Каждый день было не больше двух лекций и, отсидев с короткой переменой три часа, все куда-то разбегались, словно чужие друг другу люди. «Было бы так всегда, чтобы каждый учился самостоятельно, а потом только сдавал экзамены, без контроля и нравоучений этих педагогов» – тешил себя Максим, сидя один на самом последнем ряду в лекционных залах, но не мог прогнать противное ощущение, что на следующей неделе эта приятная свобода может закончиться.
Но вот в субботу, когда закончилась последняя пара, и Максим уже собирался уходить домой, в дверях его догнала Катя, эта миленькая девушка, – и заговорщически спросила, с интересом глядя в глаза:
– Ты слышал, что в последнюю субботу сентября, вечером будет праздник: посвящение в студенты? Ты как? Идешь? Есть два условия: не нудить и принести тысячу рублей. Наши идут все, ждем и тебя!
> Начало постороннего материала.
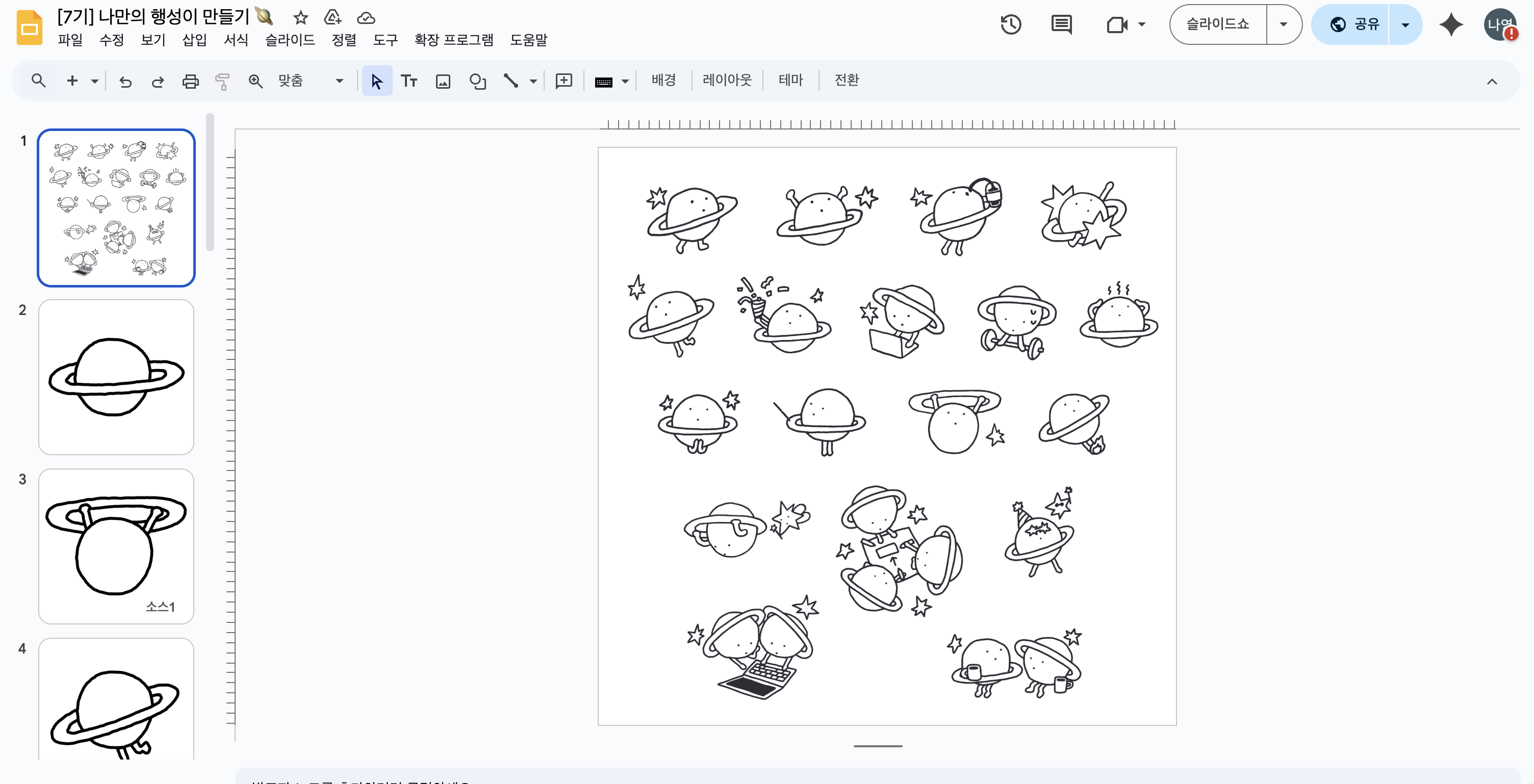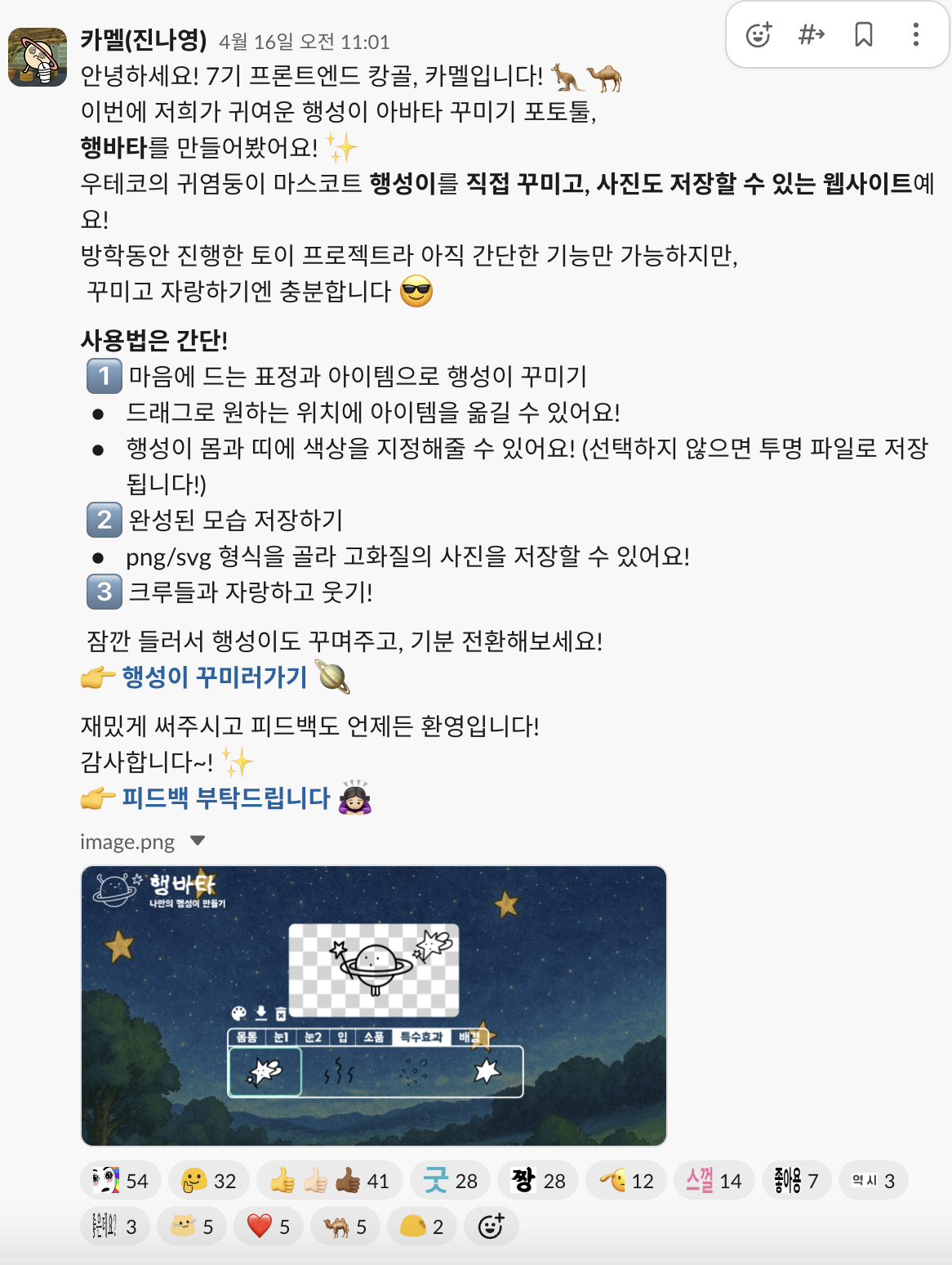 크루들 사이에서 왼손이 샤라웃해준 나만의 행성이 만들기가 유행한 적이 있다. 우테코 선릉캠 칠판엔 항상 행성이 그림들이 가득했고 크루들의 슬랙 프사도 하나 둘 행성이가 되어갔다.

Максим еще не слышал об этом мероприятии, которое ежегодно проводили в колледже. Хотя он очень не любил вечеринки и дискотеки, замешкавшись, все же решил согласиться, боясь показаться занудой и оттолкнуть от себя эту девушку
– Хорошо, я приду! – с деланным желанием ответил Максим и, невольно глядя теперь на удаляющуюся изящную фигуру Кати, тут же начал упрекать себя в слабости и безволии. «И зачем я согласился? Нужно было сказать, что я занят – и все! Не зря меня в последнее время мучают плохие предчувствия: все это добром не закончится. Хотя неизбежное неизбежно и «заднюю» уже не дашь. Да и что бы она подумала обо мне, если бы я отказался? Интересно, когда это она успела сдружиться со всеми и все узнать?».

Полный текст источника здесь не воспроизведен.